Evaluate this series: Sum from k = 1 to k = infinity k^2/k!

The answer is 2e.

Thanks so much!!

[Hurkyl]

What have you tried so far?

[yxgao]

I have no idea how to do this problem. Does it require more knowledge than second year college math? I thought it just requires some knowledge about series, but I can't seem to get the answer. It's been over 3 years since I took calculus so I don't remember much about series expansions. I've tried comparing the series to several common expansions but I can't find the right form or find the right starting point. Thanks!

[arcnets]

yxgao,
here's a hint:

e = \sum_{k=0}^\infty \frac{1}{k!}

Try to express your sum in terms of this...

[Hurkyl]

Have you ever heard of a trick called "integrating with respect to 1"?

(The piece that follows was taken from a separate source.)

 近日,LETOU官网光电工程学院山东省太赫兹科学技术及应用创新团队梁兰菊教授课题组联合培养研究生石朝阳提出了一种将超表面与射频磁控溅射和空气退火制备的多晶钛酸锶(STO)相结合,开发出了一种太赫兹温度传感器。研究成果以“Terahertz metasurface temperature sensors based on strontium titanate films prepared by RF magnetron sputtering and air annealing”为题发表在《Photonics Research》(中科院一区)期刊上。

Anyways, one of the first things I'd do is simplify the summand; something cancels.

[krab]

Here's a hint: replace the index k by k+1. You'll be able to cancel k+1 in numerator and denominator. The rest is easy.

[yxgao]

How do you simplify (n+1)/n! summed from n = 0 to n = infinity?

[Hurkyl]

distribute!

[yxgao]

I don't understand how to proceed from this step. What do you do with the (n+1) in the numerator? What is there to distribute? Can someone post a direct method to the solution?
Thanks.

[Hurkyl]

\frac{a + b}{c} = \frac{a}{c} + \frac{b}{c}

[yxgao]

Ah, ok. Why didn't I see that before? :)
e + e = 2e
Thanks a lot.

[Hurkyl]

It's a slick trick, I haven't seen this particular sum done this way before. The method I know can be done as follows (it's more complicated, but more powerful):


The taylor series for e^x is:

e^x = \sum_{k=0}^{\infty} \frac{x^k}{k!}

I can insert a k term by differentiating:


e^x = \sum_{k=0}^{\infty} \frac{k x^{k-1}}{k!}


I can then multiply by x:

x e^x = \sum_{k=0}^{\infty} \frac{k x^{k}}{k!}

and differentiate again


(1 + x)e^x = \sum_{k=0}^{\infty} \frac{k^2 x^{k-1}}{k!}


Then, plug in x = 1 to get the sum.